Both characters try to create a veneer of perfection to present to the world.

Mme. Arpel is constantly cleaning her home, the car, her husband, her child, and, well, anything she can get her hands on. Without fail, she turns on and off the fish fountain to demonstrate their wealth and status - ensuring the fountain is on before the guest arrives and only turned off after he or she leaves gives the impression that they can afford to enjoy the fountain all the time. At the beginning of Mon Oncle, everything in Mme. Arpel's uber-modern home has a place to which it belongs, down to the pebbles making up the well-manicured "lawn." She is the only one who can deftly manage the many gadgets of the kitchen, quick to show off her skills to any guest. Of course, like a good housewife, she is apologetic and gracious upon being "interrupted," though arguably, it is also part of her duty to be constantly ready to present herself and her home.

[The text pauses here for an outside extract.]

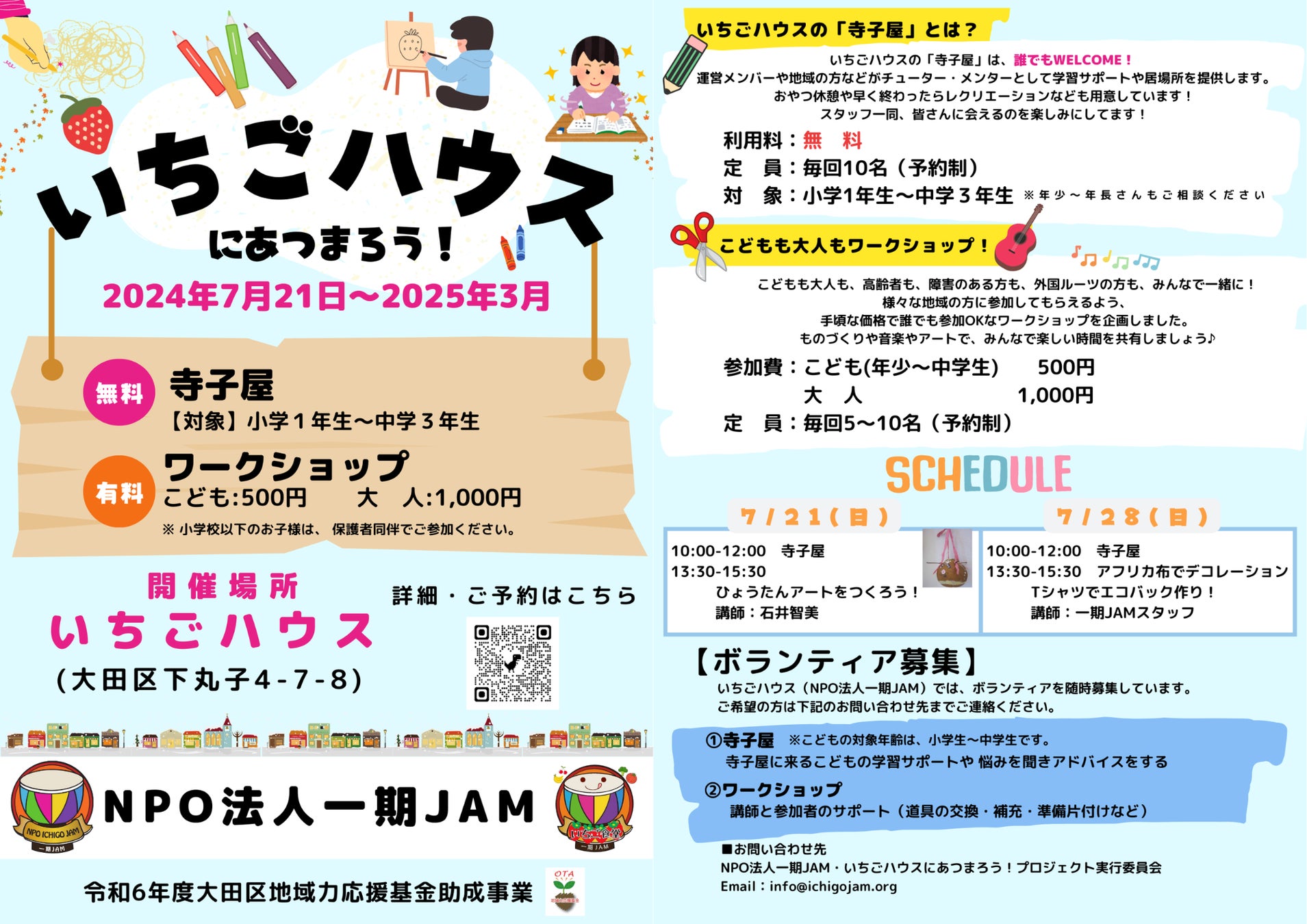 NPO法人一期JAMは、地域の子どもたちと住民が集まり、共に学び交流する「いちごハウスに集まろう!プロジェクト」の夏休み期間中のスケジュールを発表しました。
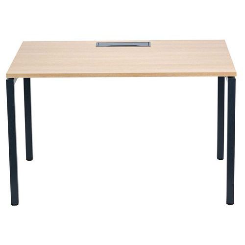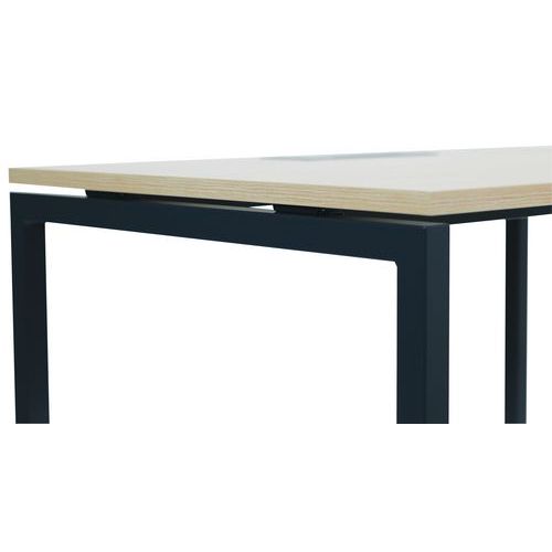 Escritorio recto con tablero melaminado de 25 mm y cantos de ABS de 2 mm. 2 travesaños de sujeción con un tubo metálico de 40 x 20 mm. Estructura con patas rectas de metal de 40 x 40 mm con patas de plástico para nivelación. Tablero suministrado con paso de cables con tapa para ayudar en la disposición de los cables.

Carol has also fashioned a suitable mask of "the housewife" to wear. At the beginning of the film, Carol is engrossed in the interior design of her house--it is her only interest. she maintains her body through aerobics classes--not because she enjoys them necessarily, but more because she should. Her lack of commitment to the exercise, I think, is shown by the fact that Carol does not sweat. She does not give up any part of herself to the activity, remaining instead a kind of inert presence. She may move but she doesn't leave a trace of herself behind. Oddly, Carol's friends admire this--an unnatural trait--which suggests the kind of woman who is valued in this postmodern society: the woman who can control absolutely every aspect of her life, as unrealistic as that may be. Carol submits rather indifferently to her "wifely duties"--I say indifferently because, as Professor Burke mentioned in class, I perceived blankness from Carol during the sex scene. She was not resentful. She was merely on auto-pilot. Unlike Mme. Arpel, however, Carol's mask soon begins to crack, as she is faced with unexpected event after unexpected event. While Mme. Arpel handles the surprises with the sort of bumbling about allowed in her character, Carol does not have that luxury. Though the mistress of the house, Carol is child-like and does not handle change well. A misplaced phone book, the wrong colour couch and she loses her balance.

I wonder about the idea that Mme. Arpel and Carol differ in that Mme. Arpel, despite the intrusion of her clumsy brother-in-law and his disruptions to her home, continues to value and be satisfied with the house, while Carol, discombobulated by the disarray of men at work, begins to experience an intense dissatisfaction with her home--to be exaggerated even more when the teal couch finally arrives yet does not seem to fill the void.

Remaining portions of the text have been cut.